Calling any cusolverMp function which uses cusolverMpHandle_t without a previous call of cusolverMpCreate() will return an error.
The cusolverMp library context is tied to the CUDA device provided by
deviceId
and the CUDA stream streamId
.Only one handle per process and per GPU supported. Sharing a device with multiple processes will result in undefined behavior.
Parameter | Memory | In/Out | Description |
---|---|---|---|
handle | Host | In | cusolverMp library handle |
deviceId | Host | In | Device that will be assigned to the handle. |
streamId | Host | In | Stream that will be assigned to the handle. |
See cusolverStatus_t for the description of the return status.
cusolverMpDestroy
¶
cusolverStatus_t cusolverMpDestroy(
cusolverMpHandle_t handle)
The function destroy the cusolverMp library handle (cusolverMpHandle_t) which holds the cusolverMp library context.

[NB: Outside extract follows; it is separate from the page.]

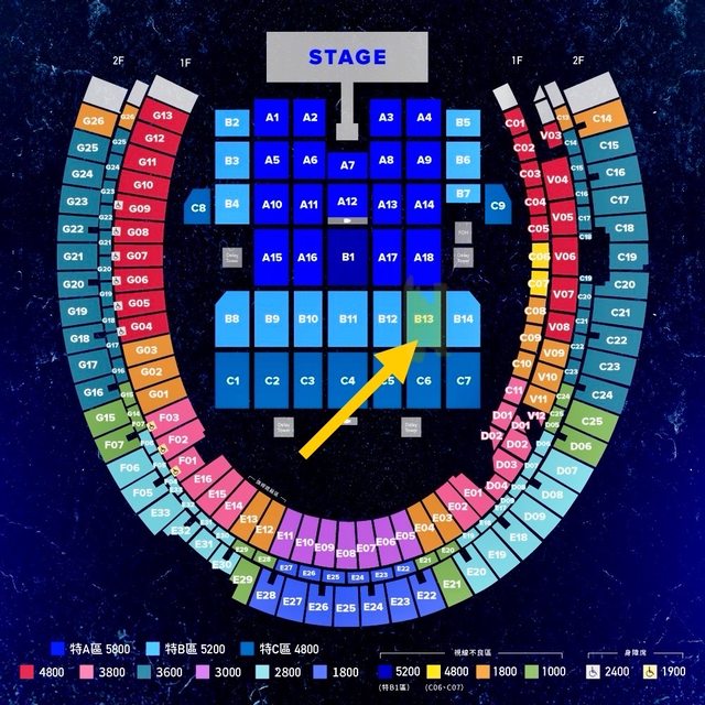 票券區域:特B13 區 ,16 排

The cusolverMp library context is tied to the CUDA device provided by
deviceId
. Only one handle per process and per GPU supported.Parameter | Memory | In/Out | Description |
---|---|---|---|
handle | Host | In | cusolverMp library handle |
See cusolverStatus_t for the description of the return status.
cusolverMpGetStream
¶
cusolverStatus_t cusolverMpGetStream(
cusolverMpHandle_t handle,
cudaStream_t stream)
The function returns the
stream
associated to the handle.Parameter | Memory | In/Out | Description |
---|---|---|---|
handle | Host | In | cusolverMp library handle |
stream | Host | In | Stream associated with the handle. |
See cusolverStatus_t for the description of the return status.
cusolverMpGetVersion
¶
cusolverStatus_t cusolverMpGetVersion(
cusolverMpHandle_t handle,
int *version)
This function returns the version number of the cusolverMp library.

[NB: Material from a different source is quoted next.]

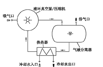 被抽氣體從吸氣口進(jìn)入液環(huán)真空泵/壓縮機(jī),經(jīng)液環(huán)真空泵/壓縮機(jī)壓縮后與部分工作液一起進(jìn)入氣液分離器,在氣液分離器內(nèi)氣液兩相得到分離,氣體從排氣口排出,工作液經(jīng)換熱器被液環(huán)泵/壓縮機(jī)吸入進(jìn)行循環(huán)使用。

Parameter | Memory | In/Out | Description |
---|---|---|---|
handle | Host | In | cusolverMp library handle |
version | Host | In | cusolverMp library version. |
See cusolverStatus_t for the description of the return status.
Grid Management¶
cusolverMpCreateDeviceGrid
¶
cusolverStatus_t cusolverMpCreateDeviceGrid(
cusolverMpHandle_t handle,
cudaLibMpGrid_t *grid,
cal_comm_t comm,
int32_t numRowDevices,
int32_t numColDevices,
cudaLibMpGridMapping_t mapping)
The function initializes the grid opaque data structure. It maps the given resources (communicator, grid dimensions and grid layout) to a grid object.
All the processes defined to be in this grid must enter this function.

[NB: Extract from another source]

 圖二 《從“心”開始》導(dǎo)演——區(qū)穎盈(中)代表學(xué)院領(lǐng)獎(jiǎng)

Parameter | Memory | In/Out | Description |
---|---|---|---|
handle | Host | In | cusolverMp library handle |
grid | Host | In/Out | Grid object to be initialized. |
comm | Host | In | Communicator that will be associated with the grid. |
numRowDevices | Host | In | How many of process rows the grid will contain. |
numColDevices | Host | In | How many of process columns the grid will contain. |
mapping | Host | In | How to map processes to the grid. See description of cudaLibMpGrid_t for further details. Currently, only CUDALIBMP_GRID_MAPPING_COL_MAJOR is supported |
See cusolverStatus_t for the description of the return status.
cusolverMpDestroyGrid
¶
cusolverStatus_t cusolverMpDestroyGrid(
cudaLibMpGrid_t grid)
The function destroys the given
grid
object.All the processes defined to be in this grid must enter this function.
Parameter | Memory | In/Out | Description |
---|---|---|---|
grid | Host | In/Out | Grid object to be destroyed. |
See cusolverStatus_t for the description of the return status.
Matrix Management¶
cusolverMpCreateMatrixDesc
¶
cusolverStatus_t cusolverMpCreateMatrixDesc(
cudaLibMpMatrixDesc_t *descr,
cudaLibMpGrid_t grid,
cudaDataType dataType,
int64_t M_A,
int64_t N_A,
int64_t MB_A,
int64_t NB_A,
uint32_t RSRC_A,
uint32_t CSRC_A,
int64_t LLD_A)
The function initializes cudaLibMpMatrixDesc_t object.
Parameter | Memory | In/Out | Description |
---|---|---|---|
descr | Host | In/Out | Matrix descriptor object initialized by this function. |
dataType | Host | In | Data type of the matrix A. |
M_A | Host | In | Number of rows in the global array A. |
N_A | Host | In | Number of columns in the global matrix A. |
MB_A | Host | In | Blocking factor used to distribute the rows of the global matrix A. |
NB_A | Host | In | Blocking factor used to distribute the columns of the global matrix A. |
RSRC_A | Host | In | Process row over which the first row of the matrix A is distributed. Only the value of 0 is currently supported. |
CSRC_A | Host | In | Process column over which the first row of the matrix A is distributed. Only the value of 0 is currently supported. |
LLD_A | Host | In | Leading dimension of the local matrix. |
Supported values for
dataType
argument:Data Type of A | computeType | Output Data Type |
---|---|---|
CUDA_R_64F | 64-bit integer values. | |
CUDA_R_32F | Single precision real values. | |
CUDA_R_64F | Double precision real values. | |
CUDA_R_32C | Single precision complex values. | |
CUDA_R_64C | Double precision complex values |
See cusolverStatus_t for the description of the return status.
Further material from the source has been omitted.